We did get word of the lineup for this summer's free shows on the Green. Here's my article on the roster. I'm pretty excited about Soul Asylum (pictured above). I caught the band at Mohegan Sun about a year ago, right after the quartet's recent disc hit stores, and the show was fiery and entertaining, with Dave Pirner, Dan Murphy and company performing a decent batch of old tunes. For some reason, my story got changed a bit and the new name of the series was left out: The concerts are no longer The New Haven Jazz Festival or the Free Concerts on the Green. The series is now called Music on the Green.

So what else is going down? In Ticket News in Weekend Friday, you'll learn that Bob Dylan, the White Stripes, Diana Krall, Meat Loaf, Poison and O.A.R. are all coming to the Nutmeg State this summer.

I just learned that Ashlee Simpson is 'confident' with her appearance. I'm glad, too, because that would mean she wasted a lot of money on all that plastic surgery, otherwise. I do think, though, that good ol' Ashlee gets a bad rap. Her most recent disc is so far and away better than Joan Jett or something.
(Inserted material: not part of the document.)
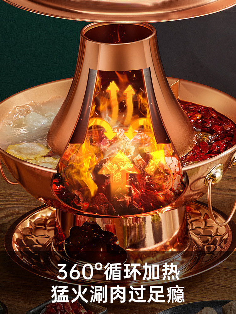老北京铜火锅木炭纯铜家用老式鸳鸯锅特厚铜锅火锅木碳涮羊肉锅具
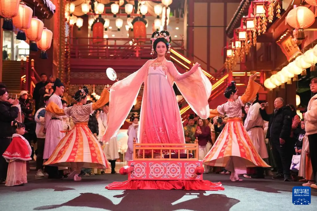 在西安长安十二时辰主题街区,演员以唐诗中的杨贵妃为主题进行沉浸式表演(2025年12月23日摄)。

Wilco is streaming its upcoming record, "Sky Blue Sky," from now until its release date of May 15. I've been listening to this album on and off for about the last two months. And as a huge Wilco fan, I've got to say I'm disappointed. I just am. It's way too jammy. I really wish I could say otherwise, but this disc gets boring about mid-way through. Look for a full review the week of release.

This happened last week, but, you know, I'm a busy guy. Anyway, the nominees for this year's Shortlist Music Prize have been announced. The list of 10 finalists includes Joanna Newsom, Cat Power and Tom Waits. Unfortunately, our own Mates of State, which made the long list of semifinalists, did not make the cut. Lester Bangs' death. I won't write anything about that, because, well, I'm not a fan at all. But Bangs did make a lot of people music fans, and he influenced a lot of folks, good or bad, who do a job like mine. The Chicago Sun-Times' very vocal Jim DeRogatis, who adores Bangs, wrote this. The funny thing is that Dero is really good, and writes nothing like Bangs, thankfully.

With that, I'll leave you for the day. But have you ever wondered what "Star Wars" character you're most like? If so, check this out. I'm Emperor Palpatine, whoever that might be.